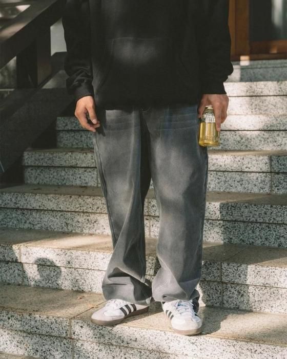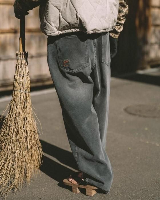 ややストレッチ性のあるデニム生地を使った太めのストレートパンツ。
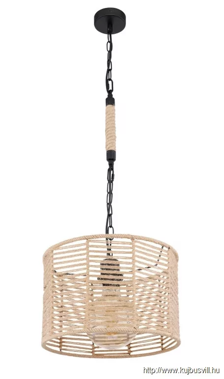 KIFUTÓ GLOBO 15672H HALIA Függeszték matt fekete fém váz, barna kenderkötéllel körbefonva. Ø:310, H:1200, fényforrás nélkül 1
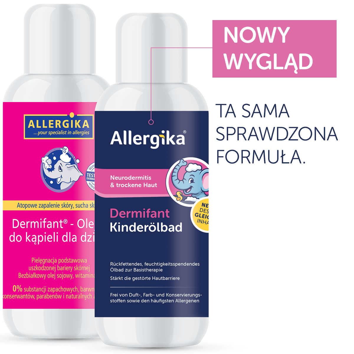 Dermifant®- Olejek do kąpieli dla dzieci to wyjątkowo delikatna emulsja do mycia i pielęgnacji skóry wrażliwej, suchej i atopowej stworzona przez markę ALLERGIKA®. Dzięki aż 95% zawartości lipidów intensywnie nawilża, chroni przed przesuszeniem i wspiera naturalną barierę skóry. Formuła oparta wyłącznie na roślinnym, bezbiałkowym oleju sojowym bogatym w kwasy tłuszczowe omega-3 i omega-6 oraz witaminę E, pozostawia skórę dziecka miękką, gładką i ukojoną po kąpieli.
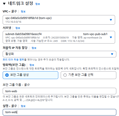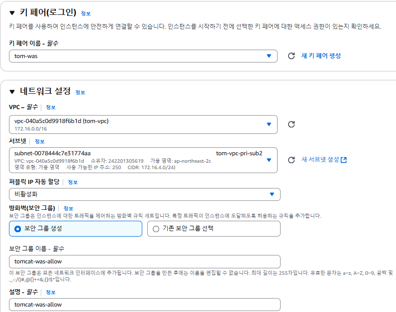 web은 tom-web.pem was는 tom-was.pem 키페어를 쓰도록하세요.
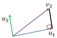 \(\mathbf{v}_{2}\)를 \(\mathbf{u}_{1}\)에 정사영 내리고 정사영 내린 벡터를 \(\mathbf{v}_{2}\)에서 빼면 \(\mathbf{u}_{1}\)에 수직한 벡터를 구할 수 있습니다.
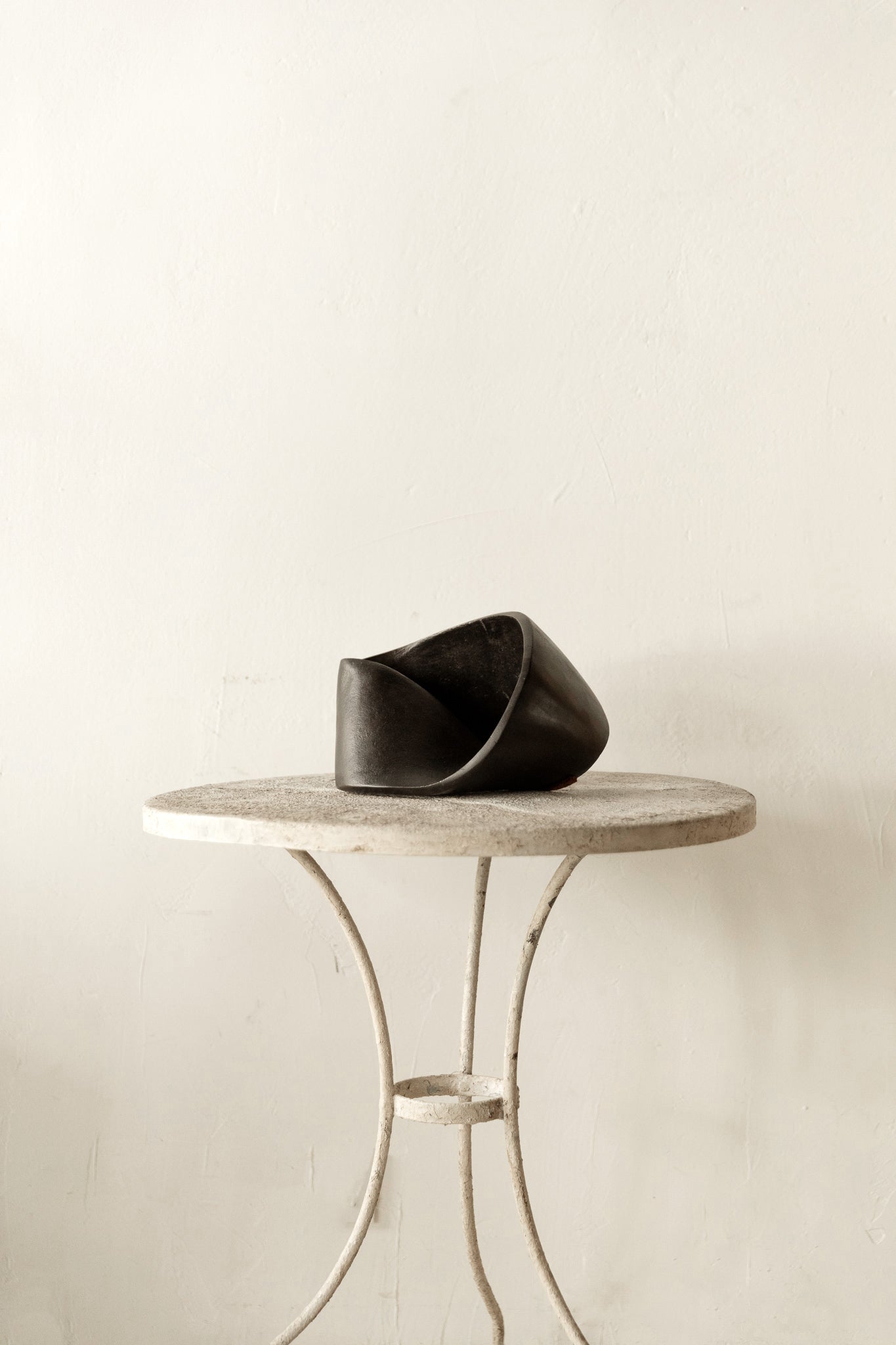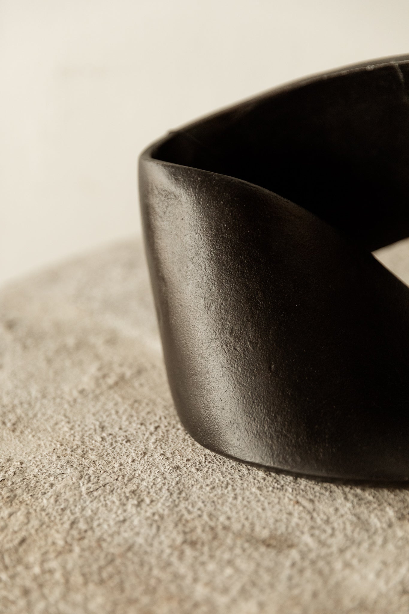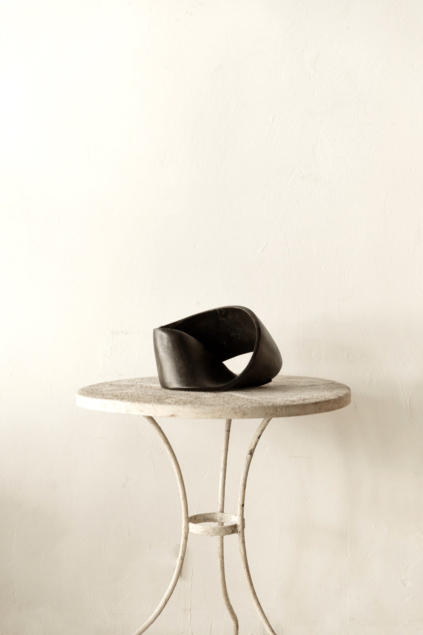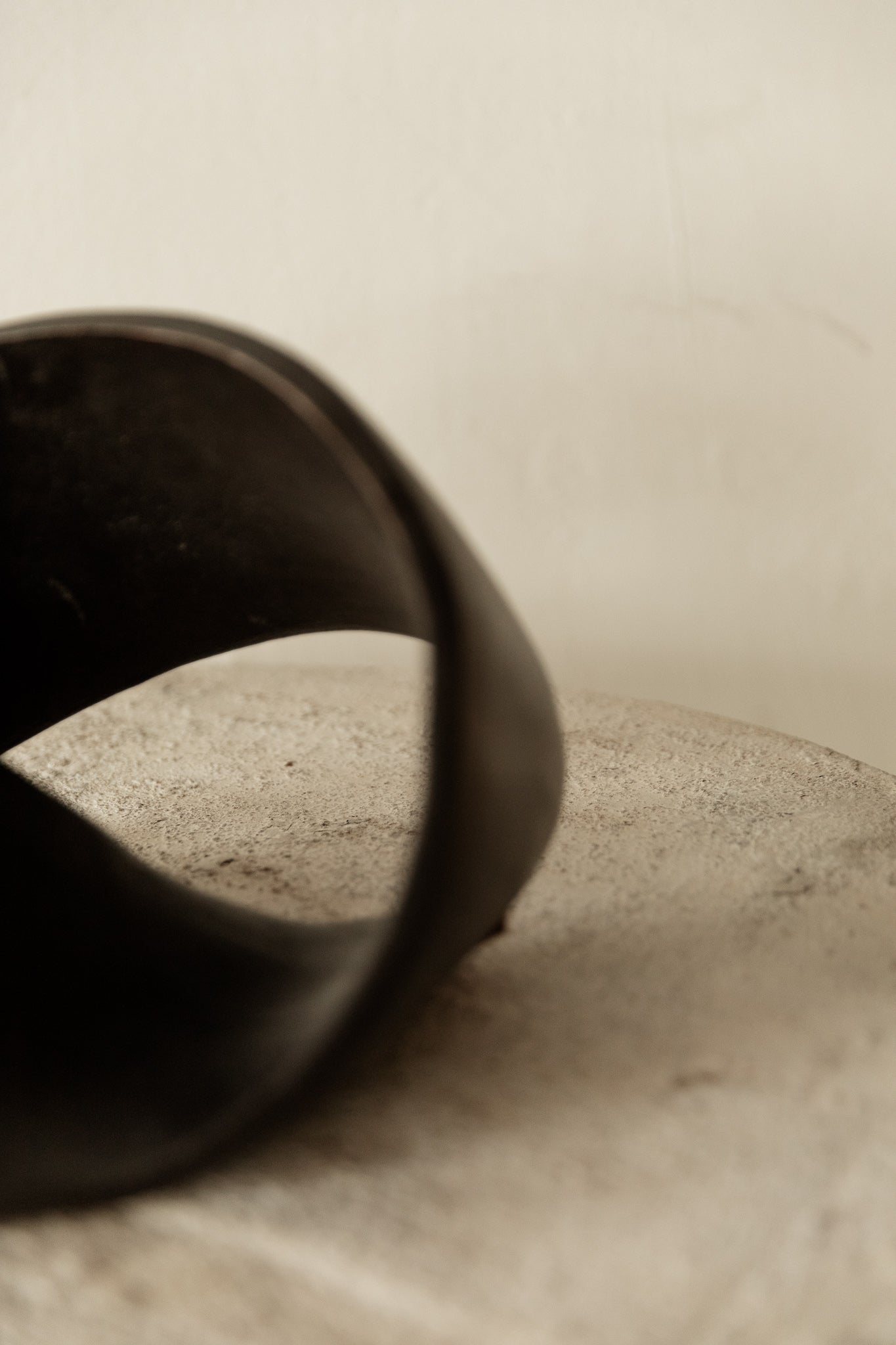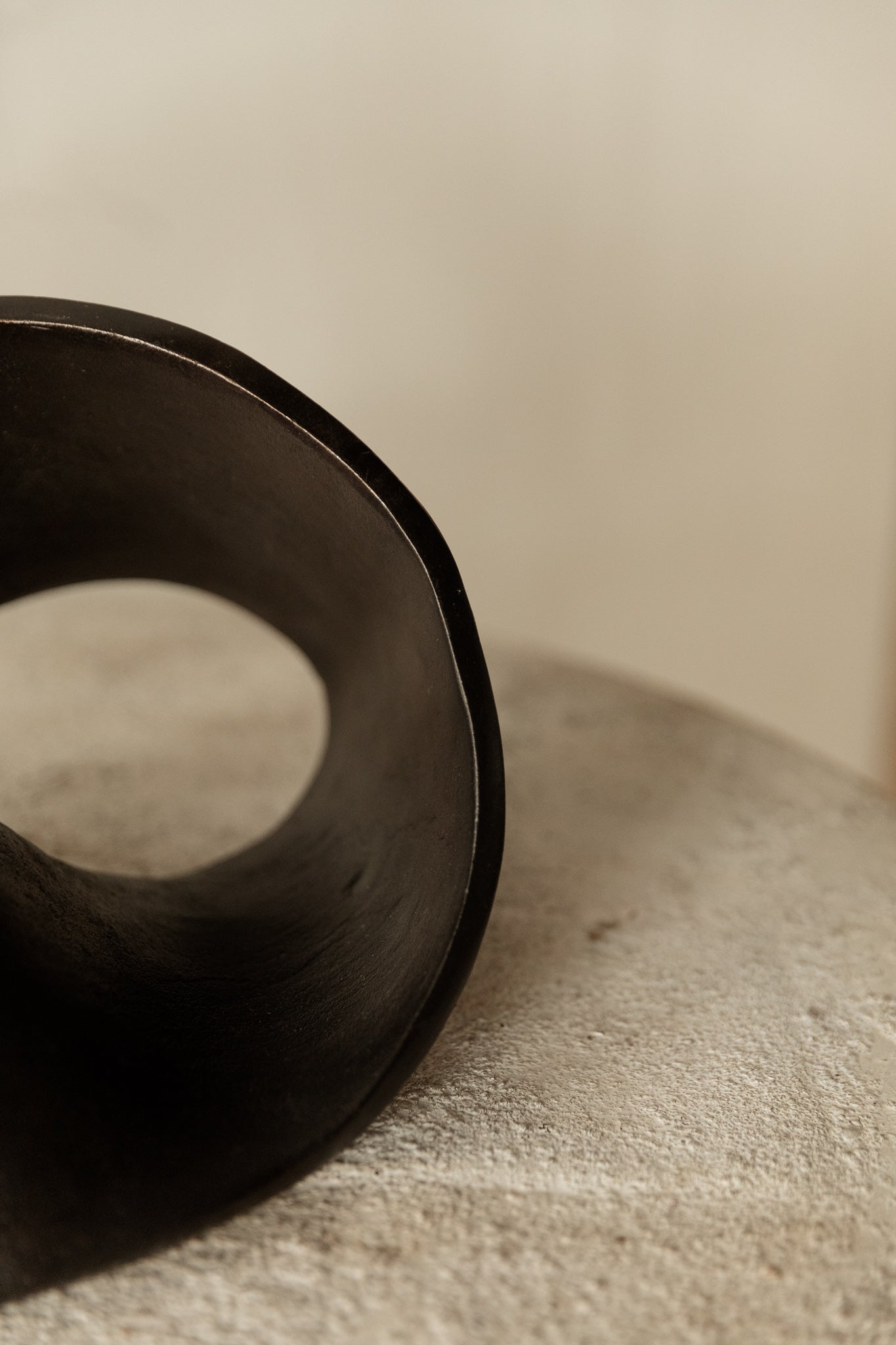 Escultura realizada en hierro macizo con acabado en laca negra. La pieza presenta una forma continua y torcida, creando un volumen cerrado con un vacío central, característica que permite jugar con el espacio y la luz.
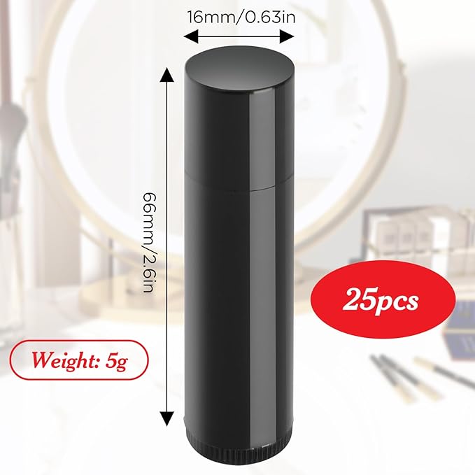 25PCS 3/16 Oz (5.5 ml) Twist up Lip Balm Tubes,Empty Lip balm containers, Echapstick tubes empty, Refillable Lip Balm Bottles, for DIY Homemade Lipsticks,Chapsticks,Homemade Solid Perfume, Black
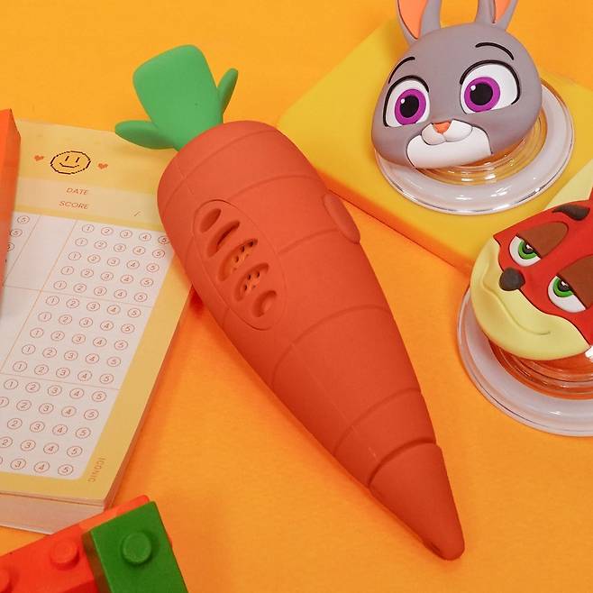 <주토피아> 팬들이 기대하던 그 굿즈, 당근 녹음기 펜이 등장했다. 당근 펜은 <주토피아> 속에서 닉과 주디를 이어주는 중요한 매개체 역할을 하는 물건이다. 디즈니랜드에 가야만 겨우 구할 수 있는 제품이었는데 공식 굿즈로 만들어졌다. 실리콘 소재로 제작해 말랑말랑한 촉감으로 녹음기는 충전해서 사용할 수 있다. 현재 스토리너스 공식 홈페이지(https://tinyurl.com/mv4maw5r)에서 2만 5,000원에 판매 중이다.

= = =

- Your task: From the line containing "25PCS 3/16 Oz" through the end of the entries, quote each line exactly and nothing else, excluding all pictures.

- Exercise solution:
 25PCS 3/16 Oz (5.5 ml) Twist up Lip Balm Tubes,Empty Lip balm containers, Echapstick tubes empty, Refillable Lip Balm Bottles, for DIY Homemade Lipsticks,Chapsticks,Homemade Solid Perfume, Black
 <주토피아> 팬들이 기대하던 그 굿즈, 당근 녹음기 펜이 등장했다. 당근 펜은 <주토피아> 속에서 닉과 주디를 이어주는 중요한 매개체 역할을 하는 물건이다. 디즈니랜드에 가야만 겨우 구할 수 있는 제품이었는데 공식 굿즈로 만들어졌다. 실리콘 소재로 제작해 말랑말랑한 촉감으로 녹음기는 충전해서 사용할 수 있다. 현재 스토리너스 공식 홈페이지(https://tinyurl.com/mv4maw5r)에서 2만 5,000원에 판매 중이다.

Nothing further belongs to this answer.